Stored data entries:
········

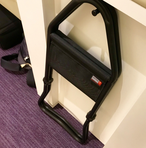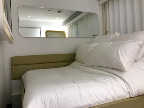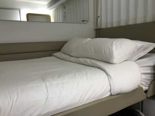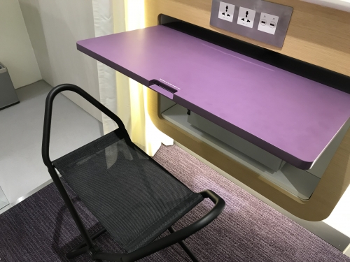 ベッドの頭部分にかけてあるのは、折りたたみの椅子です。棚の下に収納されている机を引き出すことでデスクワークもできますが、これを使うと、部屋のスペースのほどんどが埋まってしまいます。ひとり旅なら大丈夫ですが、同行者が一緒だとちょっとキツイかもしれません。
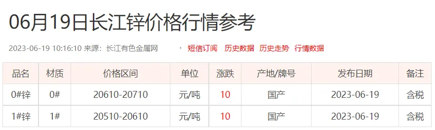 数据来源:我的钢铁、上海有色网、长江锌业网、长江铝业网
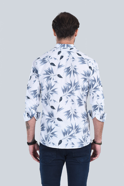 COTTON BASKILI KLASIK UZUNKOL GOMLEK
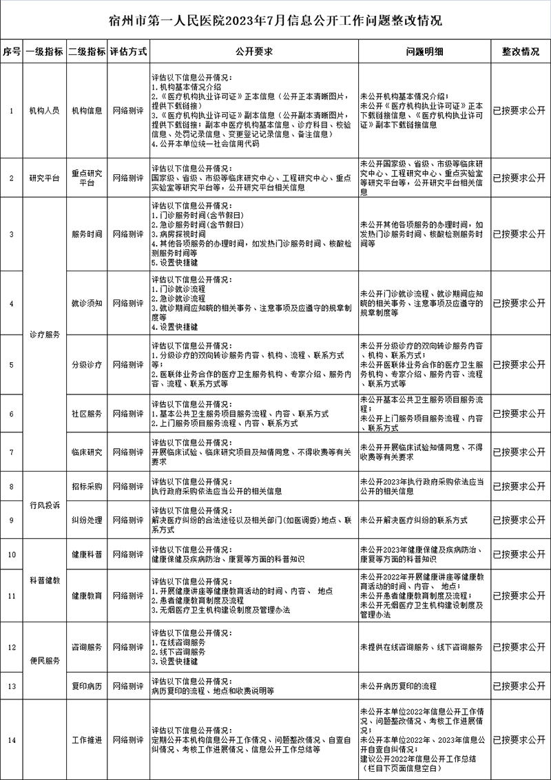 宿州市第一人民医院2023年7月信息公开工作问题整改情况
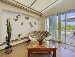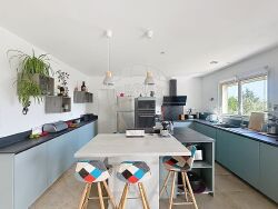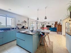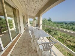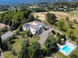 Venez découvrir cette superbe villa construite en 2007 , située dans un environnement calme, sans vis-à-vis, et offrant une vue panoramique imprenable. Avec une surface habitable généreuse de plus de 200 m², cette propriété conjugue parfaitement espace, confort et modernité.</p><p style="text-align:start;">Les atouts de la maison :</p><ul><li>Une vaste pièce de plus <strong>50 m²</strong>à usage multiple : salon de réception, salle de détente ou grande salle de séjour selon vos envies.</li><li>Une cuisine ouverte équipée <strong>neuve</strong>, s'ouvrant sur un séjour lumineux, orienté plein sud, avec accès direct à la terrasse et sa vue dégagée.</li><li><strong>4 belles chambres</strong>, accompagnées d'une salle de bain mixte ainsi qu'une salle d'eau récente.</li><li>Une pièce indépendante avec accès privatif pouvant accueillir une <strong>5ème chambre</strong> ou convenir parfaitement pour une <strong>activité professionnelle</strong> (bureau, profession libérale?).</li><li>Chauffage au sol rafraîchissant, façade neuve, fosse septique aux normes, ballon thermodynamique et panneaux photovoltaïques assurant une performance énergétique optimale.</li><li>Une dépendance de <strong>100 m²</strong> idéale pour un grand garage, un atelier ou du stockage.</li><li><strong>Espace piscine</strong> préservé des regards pour des moments de détente en toute intimité.</li><li>Parcelle de terrain de <strong>3695 m²</strong>, paysagée avec de magnifiques oliviers et disposant d'un puits.</li></ul><p style="text-align:start;">Une villa clé en main, idéale pour une grande famille ou pour un projet de résidence principale avec activité professionnelle le tout dans un cadre de vie idéal !</p><p style="text-align:start;"> </p>
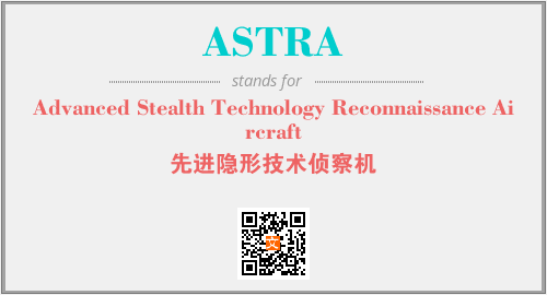 上述内容是“Advanced Stealth Technology Reconnaissance Aircraft”作为“ASTRA”的缩写,解释为“先进隐形技术侦察机”时的信息,以及英文缩略词ASTRA所代表的英文单词,其对应的中文拼音、详细解释以及在英文中的流行度和相关分类、应用领域及应用示例等。
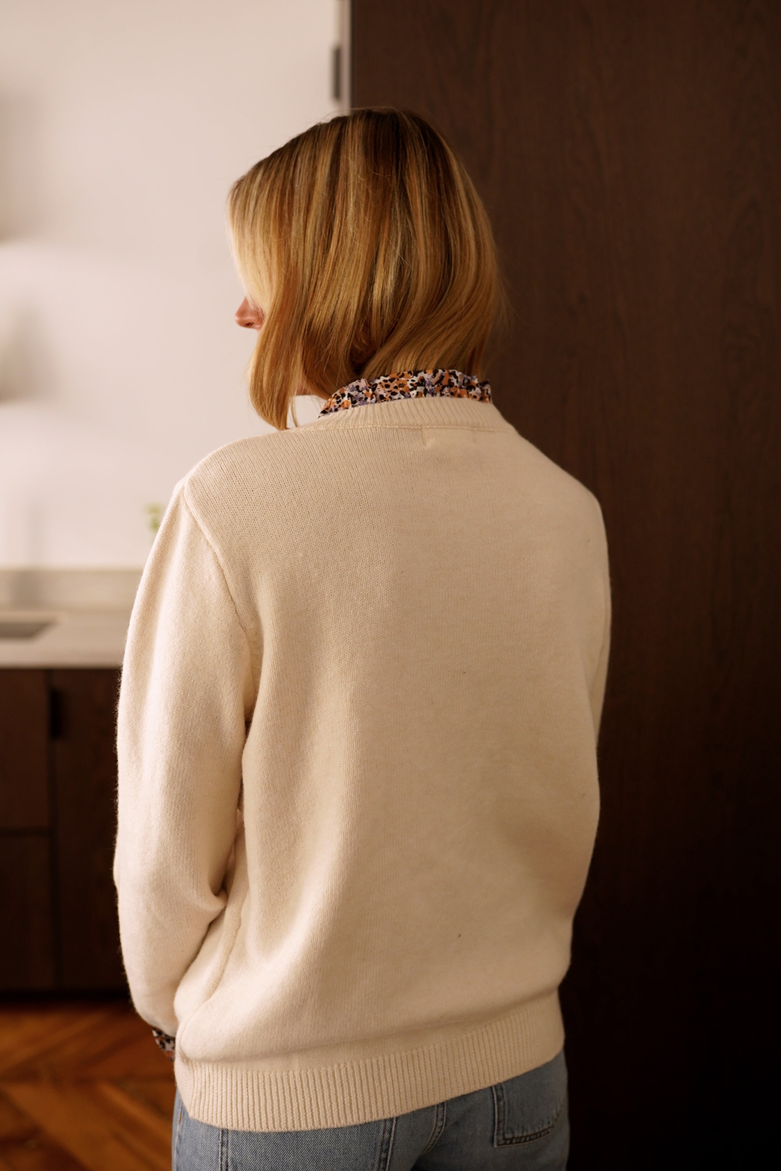 Pearl est un cardigan doux et lumineux, twisté par ses boutons recouverts et ses finitions volantées en imprimé floral. Un subtil contraste entre l’élégance intemporelle de la maille écrue et la fraîcheur des touches colorées.

········

▶ [PROBLEM TO WORK ON] The first line of the entries, the line containing "宿州市第一人民医院2023年7月信息公开工作问题整改情况", and every line between them are to be output exactly; pictures are not.

▶ [EXERCISE SOLUTION]
 ベッドの頭部分にかけてあるのは、折りたたみの椅子です。棚の下に収納されている机を引き出すことでデスクワークもできますが、これを使うと、部屋のスペースのほどんどが埋まってしまいます。ひとり旅なら大丈夫ですが、同行者が一緒だとちょっとキツイかもしれません。
 数据来源:我的钢铁、上海有色网、长江锌业网、长江铝业网
 COTTON BASKILI KLASIK UZUNKOL GOMLEK
 宿州市第一人民医院2023年7月信息公开工作问题整改情况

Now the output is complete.